See the history of these ideas.

A jig for combinator programs:

42 ; Combinator expressions go here.
(λfgx.fx(gx)) ; S
(λxy.x) ; K
(λx.x) ; I
(λfx.(f(xx))(λx.(f(xx)))) ; Y
Here is a Scheme program to convert λ-expressions to combinators using the definitions of C and A towards the end of this page. For an expression s in which x is free, A[(x, s)] produces an expression t which does not mention x, but where (t x) is equivalent to s. We encode a simple λ expression M as Scheme data s[M] thus:
s[(λxM)] = (λ (x) s[M])
s[(M N)] = (s[M] s[N])
s[x] = x ; x is a symbol but neither λ, K, S nor I.
The yield of C is encoded likewise. Note that the encoding is a Scheme program with the same meaning. See “cnvSch2” here for a program that computes s.
(define (C x) (if (symbol? x) x (if (eq? (car x) 'λ)
  (A (caadr x) (C (caddr x)))
  (list (C (car x)) (C (cadr x))))))
(define (A x s) (if (symbol? s) (if (eq? x s) 'I (list 'K s))
   (list (list 'S (A x (car s))) (A x (cadr s)))))
The interesting result is that x does not appear freely in (A x s).

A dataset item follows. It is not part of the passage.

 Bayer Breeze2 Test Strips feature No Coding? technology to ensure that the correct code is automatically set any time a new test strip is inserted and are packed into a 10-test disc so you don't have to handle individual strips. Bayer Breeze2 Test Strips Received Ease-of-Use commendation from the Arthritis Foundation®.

A trick here is that “s” in “A [ (x, s) ]” subsumes K as well as variables. This subtlety is somewhat buried in the code! The yield is a valid Scheme program in a context that defines S, K and I.

(C 'w) => w
s[(λxy.x)] = s[(λx(λyx))] = '(λ (x) s[(λyx)]) = '(λ (x) (λ (y) s[x])) = '(λ (x) (λ (y) x))
(C '(λ (x) (λ (y) x))) => ((S (K K)) I)
The Scheme function ass below converts the yield of C to a form which exploits the left associative convention to minimize parentheses, but its yield is no longer a Scheme program.
(define (ass x) (if (pair? x) (if (pair? (car x))
   (append (ass (car x)) (map ass (cdr x))) 
    (cons (car x) (map ass (cdr x)))) x))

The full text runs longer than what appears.